4. In de laatste fase wordt het plan uitgevoerd. Tijdens en na de uitvoering vindt reflectie plaats. Vanuit de ervaring in deze fase kunnen aanpassingen worden gedaan. Vervolgens start de cyclus opnieuw. Tijdens de evaluatie wordt bepaald welke onderdelen van het plan lijken te werken. Deze punten worden vastgehouden en / of uitgebreid. Wat niet werkt, zal opnieuw moeten worden bekeken. Hierbij start automatisch de eerste fase in de cyclus van het handelingsgericht werken.
Deel 3: Aanpak uitdagend gedrag (Hfst. 4, 5, 6, 7)
Het kan een uitdaging zijn om er bij pientere peuters en kleuters achter te komen waarom ze ongewenst gedrag vertonen. Het vraagt een andere manier van kijken van de professional om deze kinderen de juiste begeleiding te kunnen bieden. Kennis van de ontwikkelingsvoorsprong is de eerste vereiste om te kijken wat er mogelijk achter het ongewenste gedrag zit.

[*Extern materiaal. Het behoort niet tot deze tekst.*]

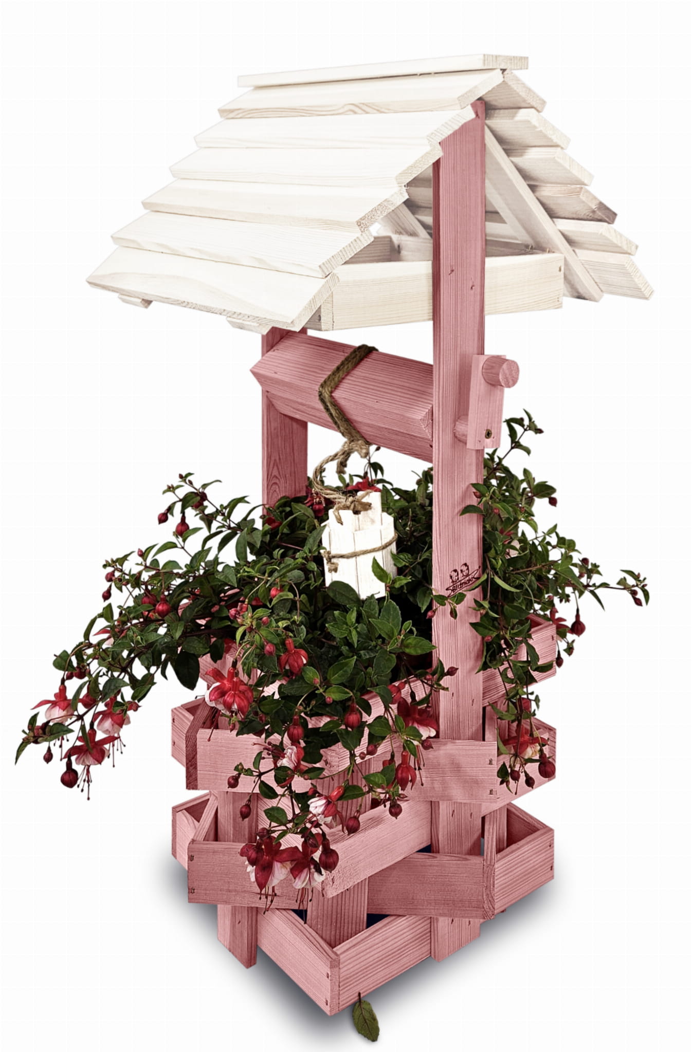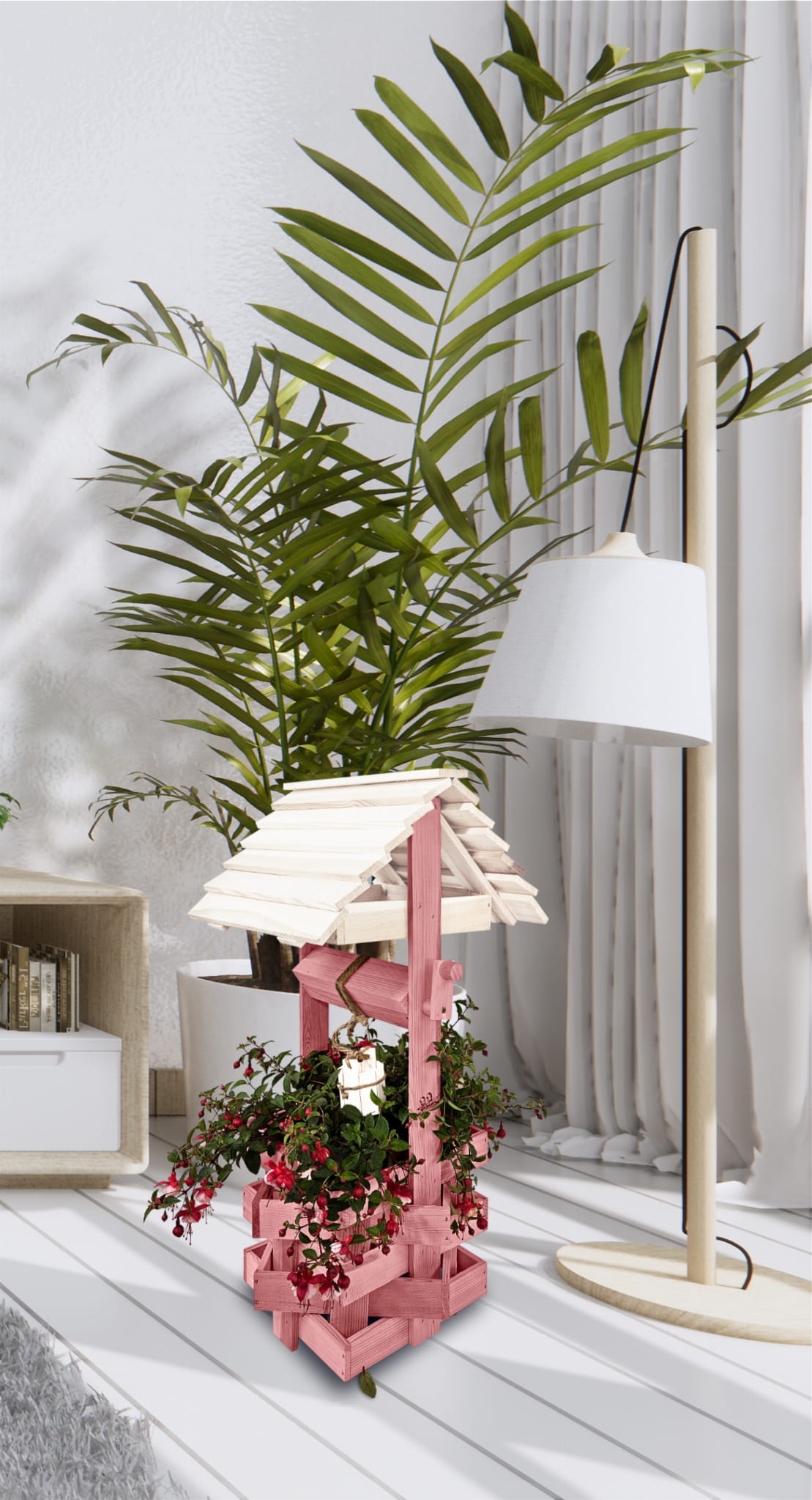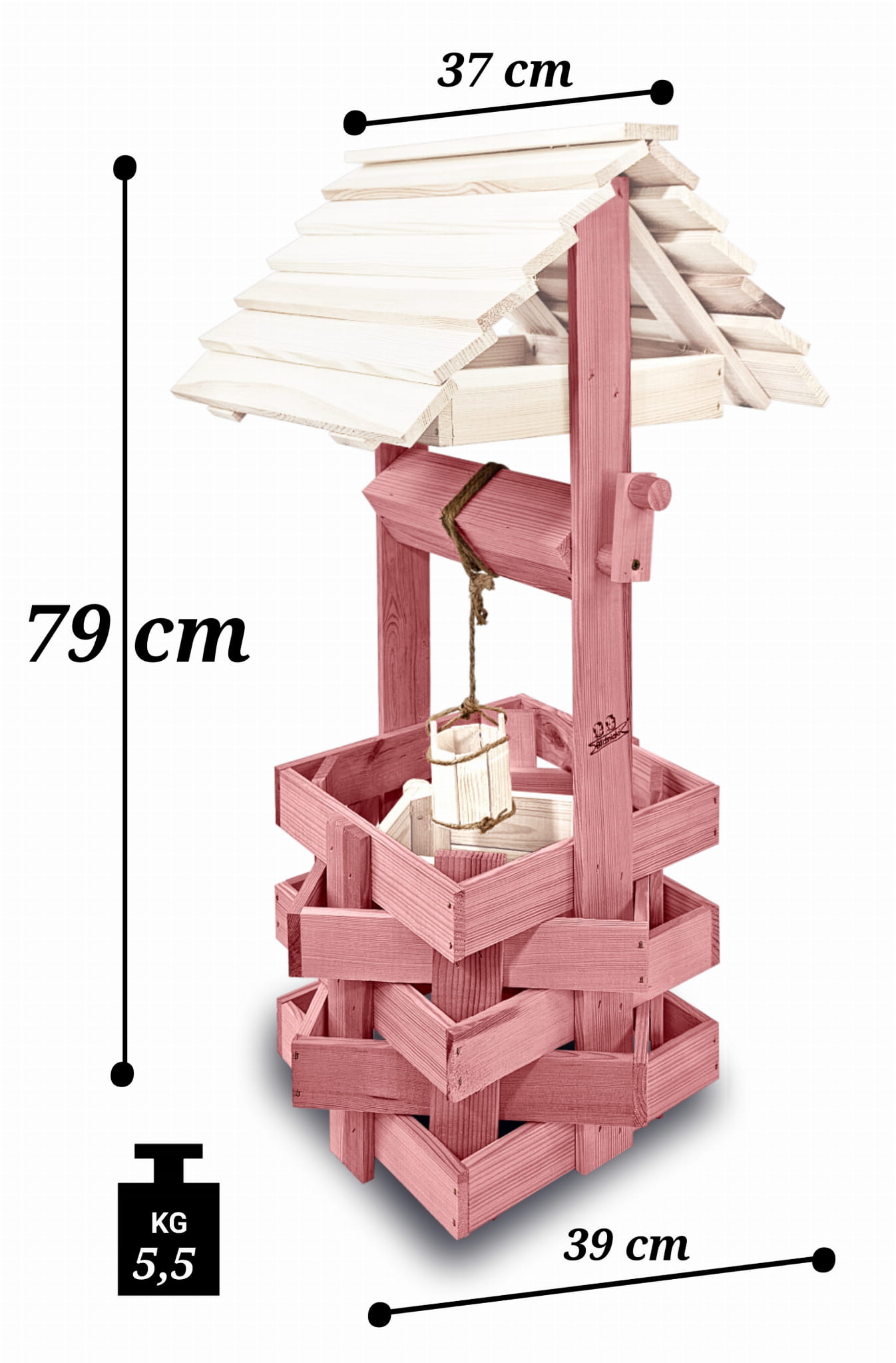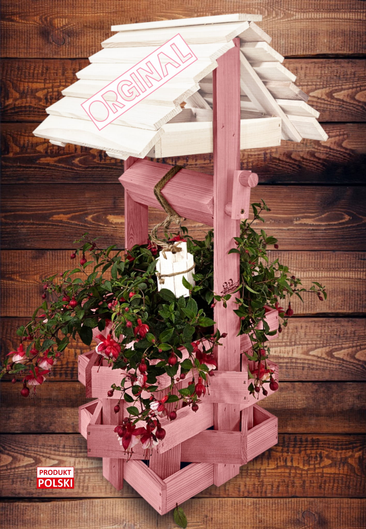 Duża studnia drewniana ozdobna Studzienka ogrodowa Donica na kwiaty do domu i ogrodu Prezent Kwietnik w kolorze pastelowym Jasnym Różowym Studzienki ozdobne Studnie balkonowe tarasowe Ozdoba domu i ogroduSC1 RÓPP BI

Door te kijken vanuit ‘De Pientere Blik’ ga je op zoek naar de redenen waarom het kind dit gedrag laat zien. De werkwijze van De Pientere Blik bestaat uit een vijftal elementen:
- Gedrag; Welk ongewenst gedrag is zichtbaar? (Bijv. slaan, of huilen)
- Motivatie; Welk voordeel levert het ongewenste gedrag op? (Bijv. aandacht, materiaal)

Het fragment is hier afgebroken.